Problem to work on — Please repeat exactly the lines from the one containing "제 18대 대통령 취임식이" to the end of the entries below, both included, and omit all pictures.

═══ Records for this exercise ═══

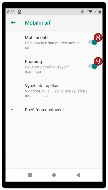 - Aktivujte 8 Mobilní data a 9 Roaming.
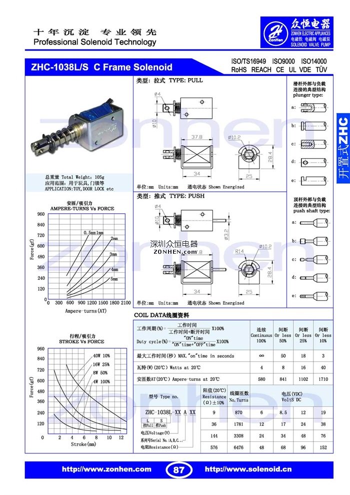 ZHC-1038 用于玩具,門鎖等直線推拉式電磁鐵
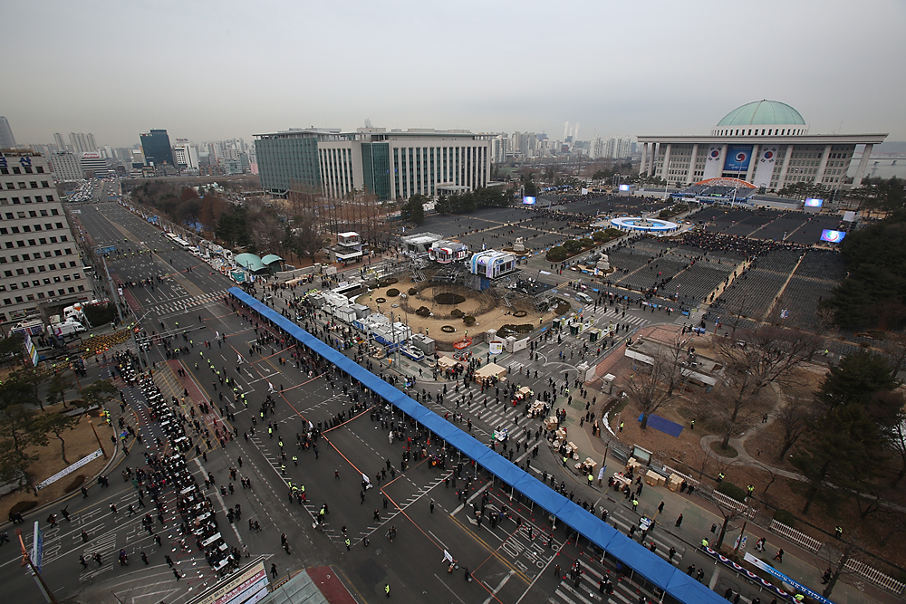 제 18대 대통령 취임식이 열리는 25일 오전 서울 국회의사당 광장에 시민들이 입장하고 있다. 13.02.25. 시사저널 최준필
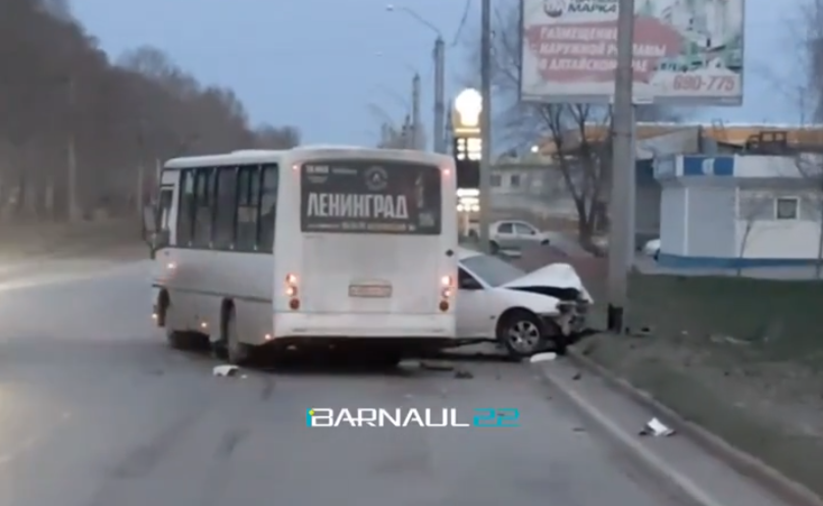 На опубликованных кадрах видно, что легковая машина серьезно пострадала. Были ли в общественном транспорте люди — неизвестно
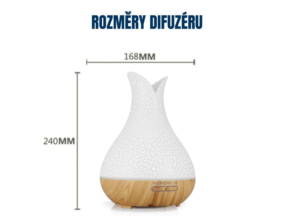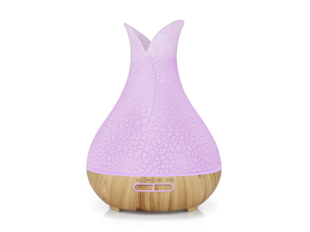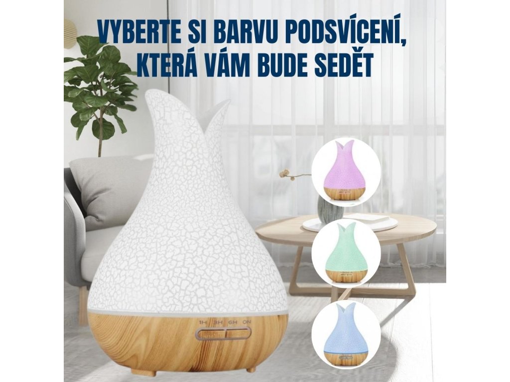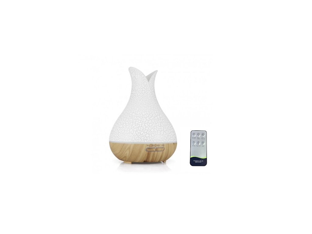 Dyfuzor zapachowy, pojemność pojemnika 400 ml, 7 kolorów podświetlenia, czas działania 12 godzin, sterowanie za pomocą pilota i przycisków na dyfuzorze, włączanie i wyłączanie za pomocą timera, kolor: biały i jasnobrązowe drewno.
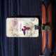 En personlig bagagetikett med en elegant rosa magenta fjäril med lila accenter. En vit ram med en guldfärgad kant är lagrad överst på en shabby vintage collage med rosa rosor och andra dekorativa element. En chic gammaldags känsla.
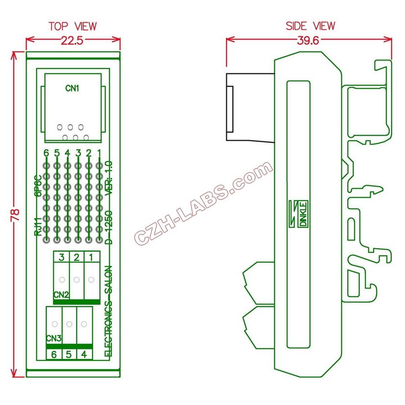 Slim DIN Rail Mount RJ11/RJ12 6P6C Breakout Board Interface Module. 6P6C vertical jack. Solder connection holes 8 per line, supports addition of 0.1" pin headers. FR-4 fiber glass PCB, dual copper layers. Rated voltage: 80V. Rated current: 1A / per pin. Operating Temperature: -20ºC to 70ºC Terminal block: Pin pitch 3.5mm/0.138", Wire range 28 ~ 16 AWG / 1mm square. Strip length 5mm. Screws - M2, steel, Cr3+ Zn plated. Pin header and Cage - Brass. High quality Taiwan DINKLE fireproof nylon material DIN rail mount carrier (not China low quality carrier), can support width 35mm, 25mm or 15mm rail.
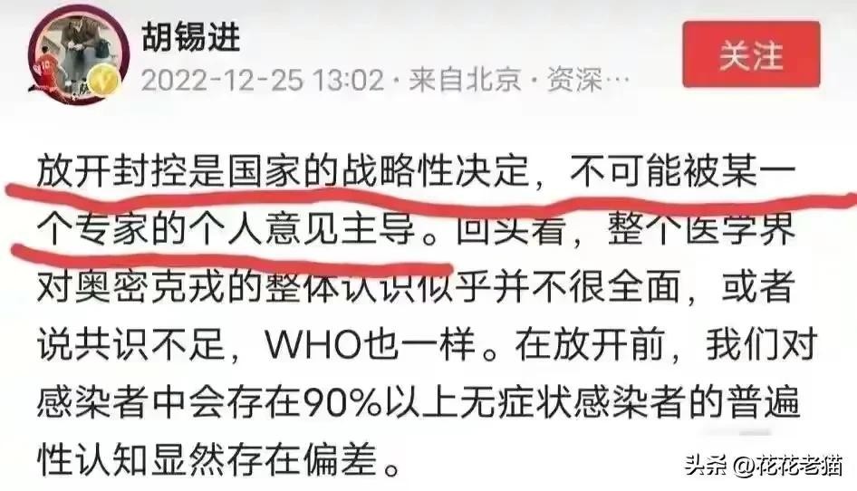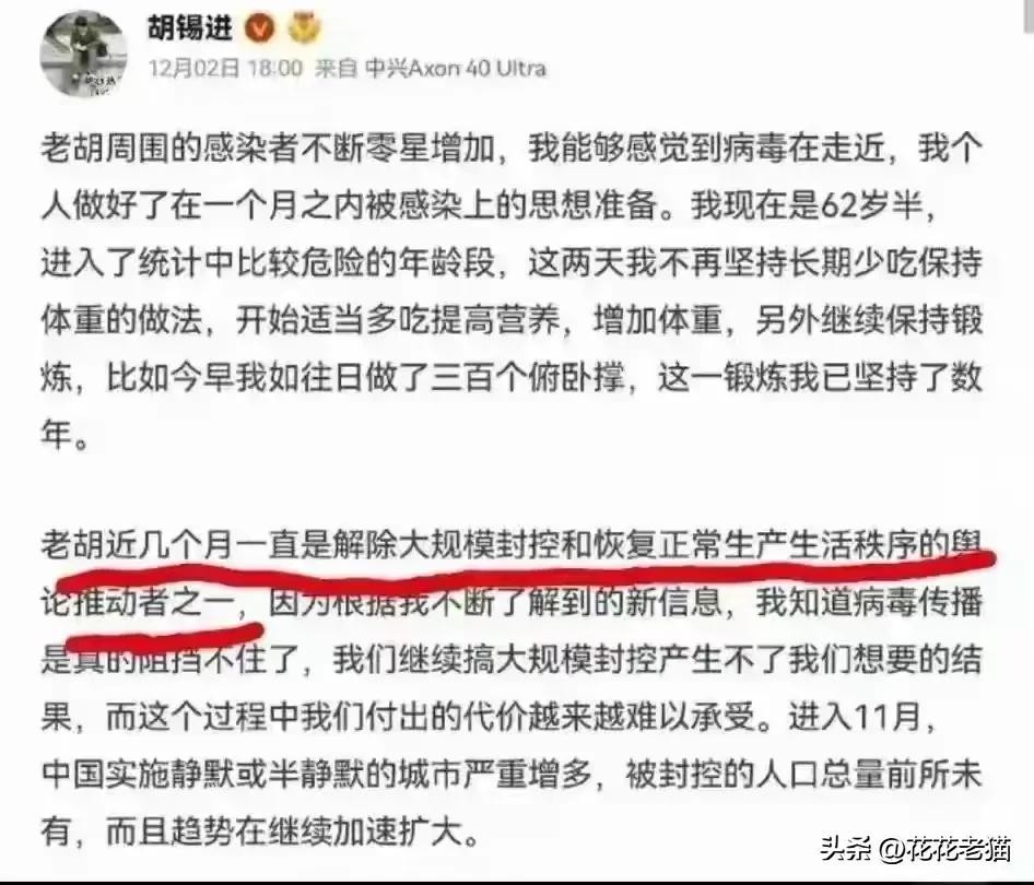 一、网友留言家里80岁老人被邻居感染,万一顶不住怎么办?算谁的。胡锡进回复:老人知道算谁的。看看胡锡进冷血齿冷的言论,甚至向死亡的老百姓伸把手,可能吗?胡锡进是放开舆论推动者,但是只管放开,放开前,老人面临的风险从来没有见过他呼吁过,或者说只想贪功舆论领导者的地位,但是其他方面都不在他考虑范围,唯一呼吁就是要推荐辉瑞口服药,而且几天内连发三篇文章。一个退休,有高工资,高医疗,高人脉朋友圈的人,谁会能同情底层人民的疾苦。

═══

Task output —
 제 18대 대통령 취임식이 열리는 25일 오전 서울 국회의사당 광장에 시민들이 입장하고 있다. 13.02.25. 시사저널 최준필
 На опубликованных кадрах видно, что легковая машина серьезно пострадала. Были ли в общественном транспорте люди — неизвестно
 Dyfuzor zapachowy, pojemność pojemnika 400 ml, 7 kolorów podświetlenia, czas działania 12 godzin, sterowanie za pomocą pilota i przycisków na dyfuzorze, włączanie i wyłączanie za pomocą timera, kolor: biały i jasnobrązowe drewno.
 En personlig bagagetikett med en elegant rosa magenta fjäril med lila accenter. En vit ram med en guldfärgad kant är lagrad överst på en shabby vintage collage med rosa rosor och andra dekorativa element. En chic gammaldags känsla.
 Slim DIN Rail Mount RJ11/RJ12 6P6C Breakout Board Interface Module. 6P6C vertical jack. Solder connection holes 8 per line, supports addition of 0.1" pin headers. FR-4 fiber glass PCB, dual copper layers. Rated voltage: 80V. Rated current: 1A / per pin. Operating Temperature: -20ºC to 70ºC Terminal block: Pin pitch 3.5mm/0.138", Wire range 28 ~ 16 AWG / 1mm square. Strip length 5mm. Screws - M2, steel, Cr3+ Zn plated. Pin header and Cage - Brass. High quality Taiwan DINKLE fireproof nylon material DIN rail mount carrier (not China low quality carrier), can support width 35mm, 25mm or 15mm rail.
 一、网友留言家里80岁老人被邻居感染,万一顶不住怎么办?算谁的。胡锡进回复:老人知道算谁的。看看胡锡进冷血齿冷的言论,甚至向死亡的老百姓伸把手,可能吗?胡锡进是放开舆论推动者,但是只管放开,放开前,老人面临的风险从来没有见过他呼吁过,或者说只想贪功舆论领导者的地位,但是其他方面都不在他考虑范围,唯一呼吁就是要推荐辉瑞口服药,而且几天内连发三篇文章。一个退休,有高工资,高医疗,高人脉朋友圈的人,谁会能同情底层人民的疾苦。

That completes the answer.